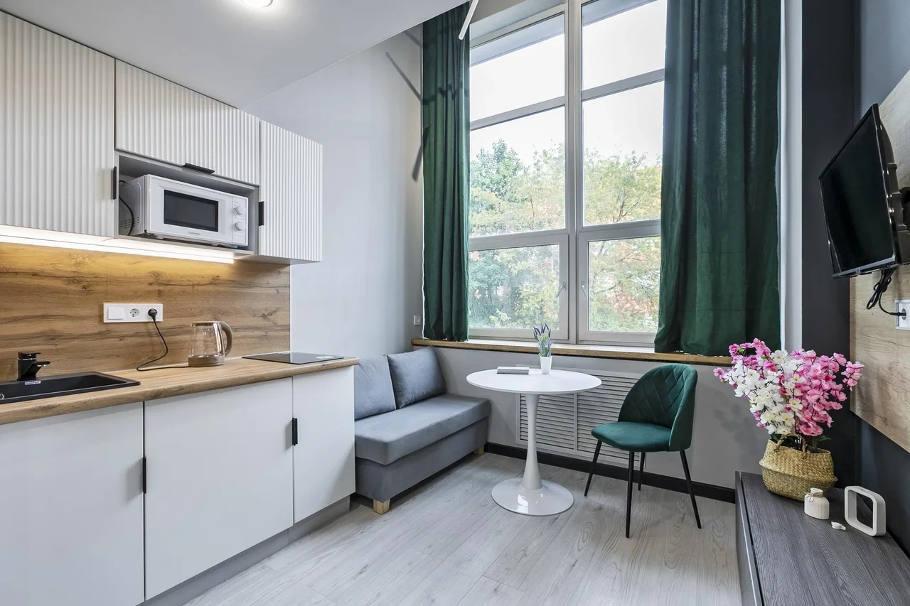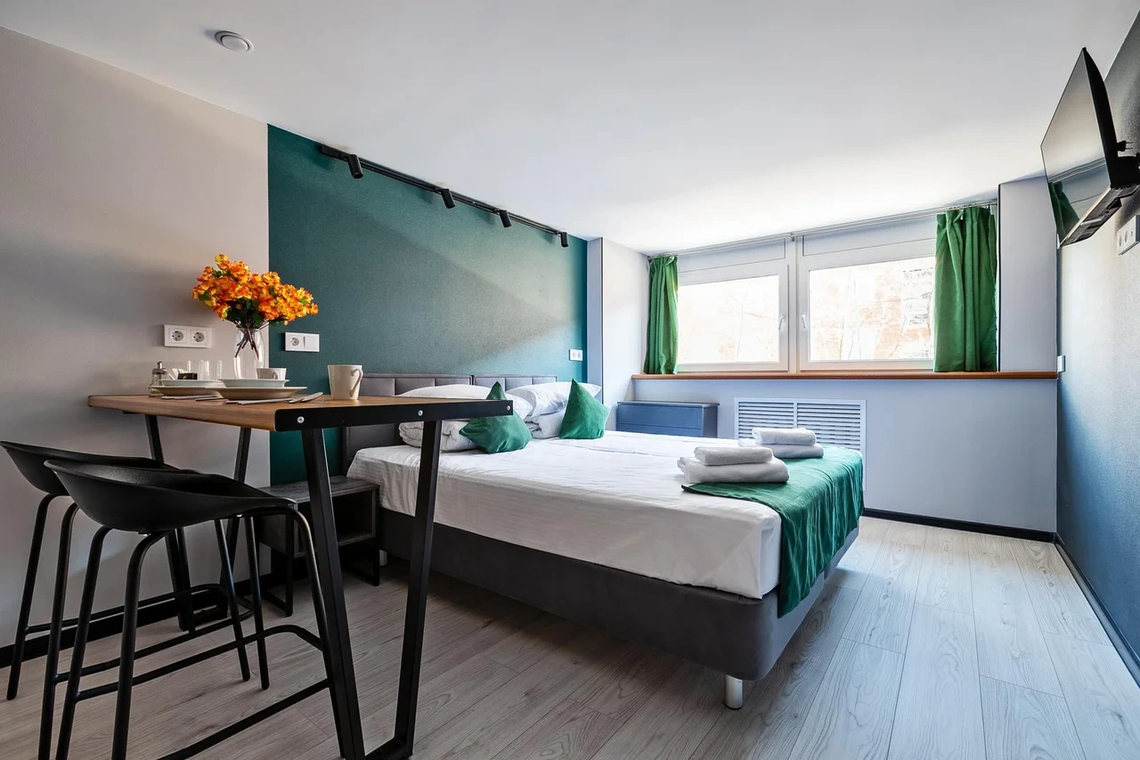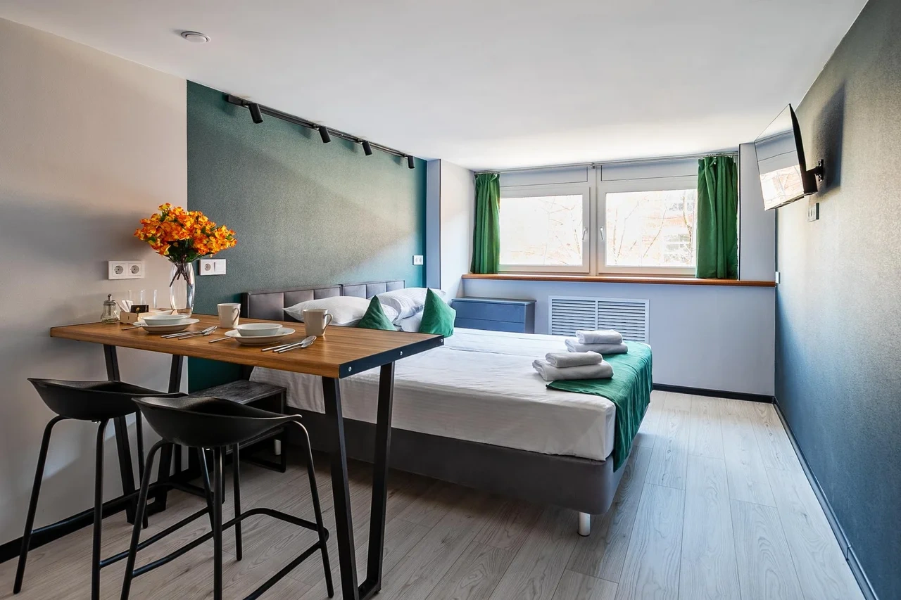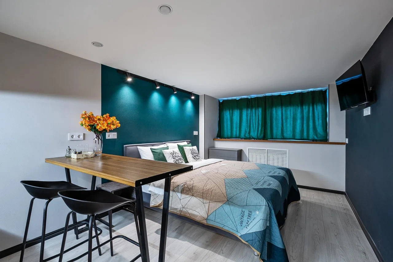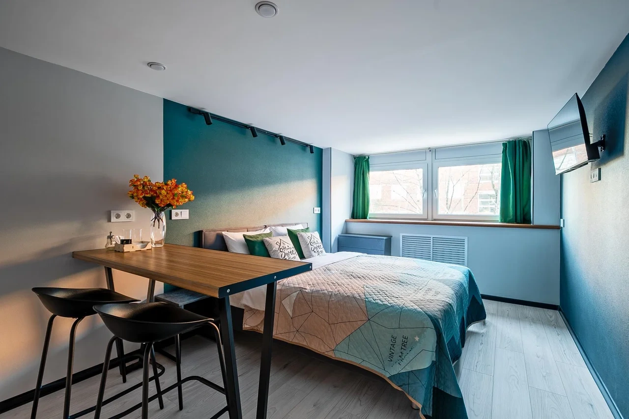 Выбрали эти апартаменты именно из-за расположение, удобно, рядом метро. Номер просторный, со своей кухней и техникой, чистый и комфортный даже для длительного пребывания. Отдельное спасибо администратору, приветливо встретил и заселил, любую проблему можно было решить круглосуточно.
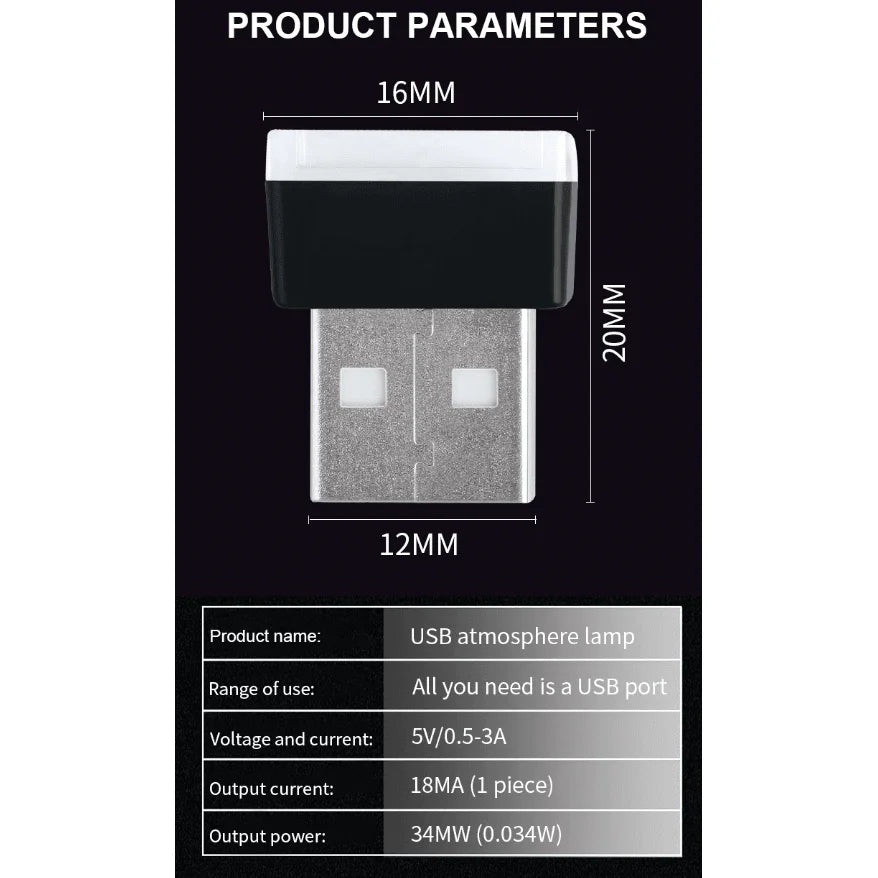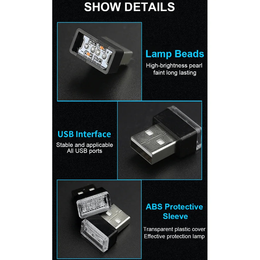 3x Mini Blue LED USB Car Interior Light Neon Atmosphere Ambient Lamp Accessories
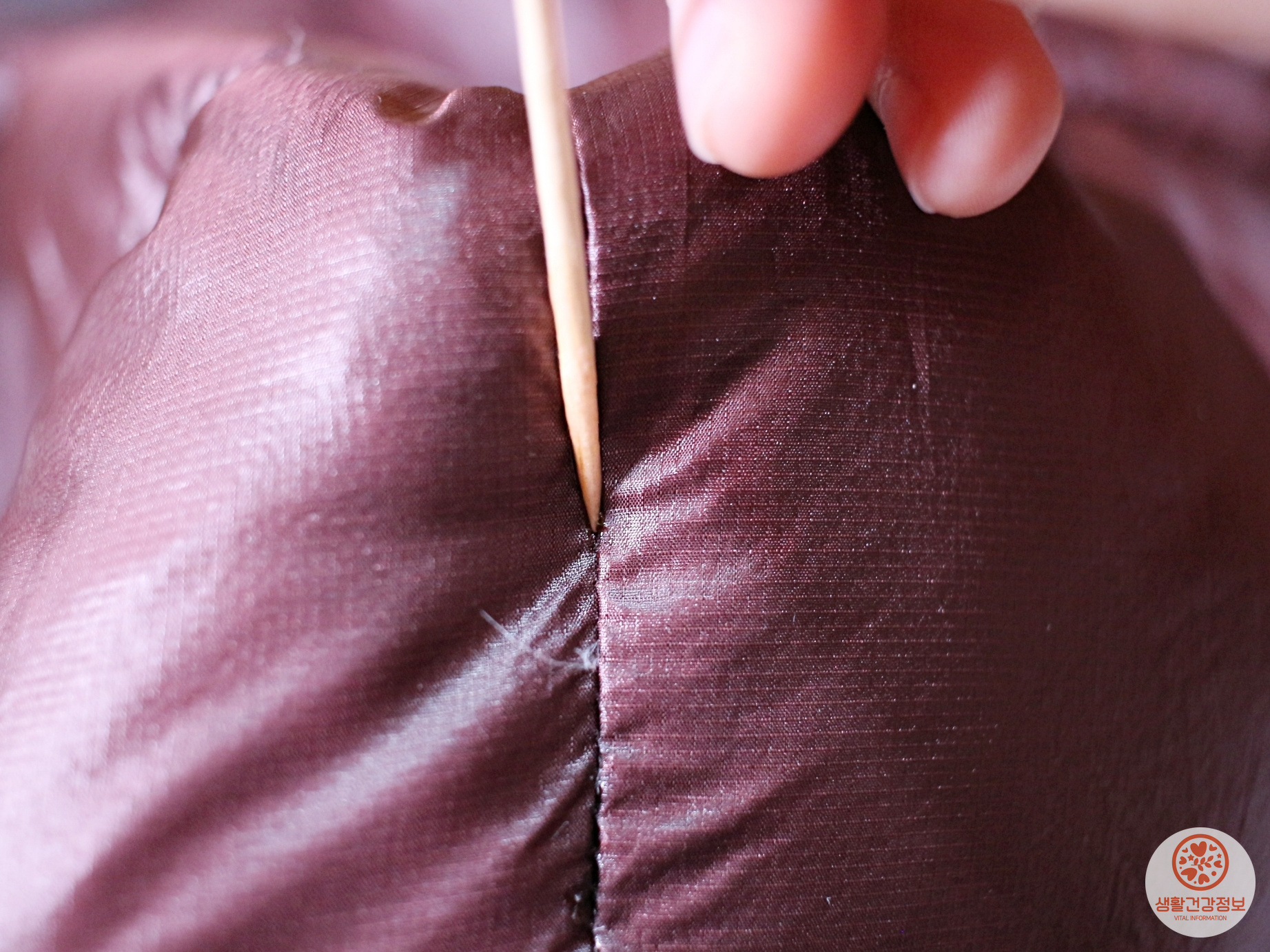 패딩의 털빠짐은 대부분 박음질 선에서 나와요.

● WORK REQUIRED
Give the data again word for word, without pictures.

● RESULT BELOW
 Выбрали эти апартаменты именно из-за расположение, удобно, рядом метро. Номер просторный, со своей кухней и техникой, чистый и комфортный даже для длительного пребывания. Отдельное спасибо администратору, приветливо встретил и заселил, любую проблему можно было решить круглосуточно.
 3x Mini Blue LED USB Car Interior Light Neon Atmosphere Ambient Lamp Accessories
 패딩의 털빠짐은 대부분 박음질 선에서 나와요.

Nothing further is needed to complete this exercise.